Notably, none of the incumbent city council members, all but one of whom had been elected on Mayor Cucci's slate in 1985, ran on his ticket in 1989. George Aviles ran with Cunningham; Bill O'Dea and Frances Thompson ran with Smith. Jackson also fielded a slate. The long-standing personal rivalries between the past three mayors (Smith, McCann, and Cucci) also dominated a bitter campaign.

McCann, who had pushed for greater development and opposed rent control as mayor and had been unseated by a coalition of minority voters, ran on a platform calling for new housing construction, cuts in the city payroll, and reduction in crime rates. He also faced federal criminal charges for violations of voting rights during the 1985 campaign.

Smith ran a nostalgic campaign appealing to his "mostly blue collar" base of support. While his opponents adopted modern campaign tactics, Smith spoke from a rolling rostrum and used a traditional style of street campaigning.

Despite record levels of campaign spending for a local election in New Jersey, the race was considered mundane by observers. In May, Robert Janiszewski called it "the quietest election in memory." This change was attributed to the decline of the Hudson County machine and the adoption of modern campaign tactics, including the use of cable television commercials in lieu of street campaigning. As a result, the outcome was in doubt into early May.

== Results ==

| Candidate | Votes | Percent |
|---|---|---|
| Gerald McCann | 13,498 | 26.59% |
| Glenn Cunningham | 9,341 | 18.40% |
| Thomas F. X. Smith | 6,606 | 13.01% |
| Anthony R. Cucci (incumbent) | 6,469 | 12.75% |
| Others | 14,843 | 29.24% |
| Votes | 50,757 | 100.00% |

McCann and Cunningham advanced to a runoff election. Jackson, who had been expected to pull votes from Cunningham, attracted little support.

== Runoff results ==
In the runoff election, McCann defeated Cunningham by approximately six thousand votes.

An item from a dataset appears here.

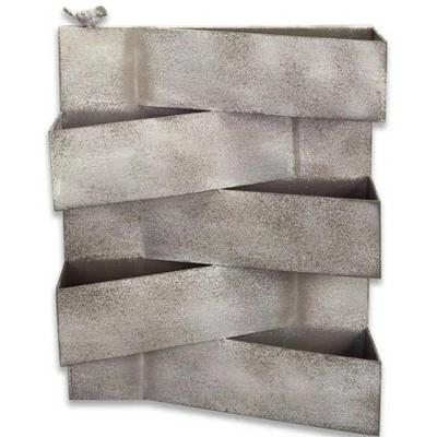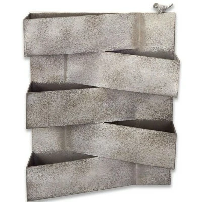 Provide an authentic natural charm to your indoor with this geometric abstract planter in which you can place your floral arrangements. This casual yet majestic planter lends an extraordinary look to your desk or any random space. It offers a grand statement to your interiors.Product Features:Gray layered geometric planterEmbellished with layered metal trianglesPlanter with a bird on the cornerAdd presentation to your garden decor with this unique planterComes ready to hang on a wallRecommended for both indoor and outdoor useDimensions: 21″ high x 16” wideMaterial(s): metal

Cunningham carried the downtown wards and Bergen-Lafayette, where a majority of the city's black and Hispanic voters lived, but lost in the predominantly white wards. Cunningham outperformed expectations in Greenville and Journal Square, which he credited to anti-McCann resentment among renters and minorities. Cunningham's supporters said that McCann's inroads with minority communities, which allowed him to stay within 1,100 votes in the downtown area near City Hall, were crucial to his victory.

== Aftermath ==
McCann served less than three years of his term. He was convicted on federal mail fraud charges and removed from office in 1992, necessitating a special election.

After his defeat, Cunningham was expected to return to active duty as a Jersey City police officer. He was eventually elected mayor in 2001, shortly before the September 11 attacks. He died in 2004.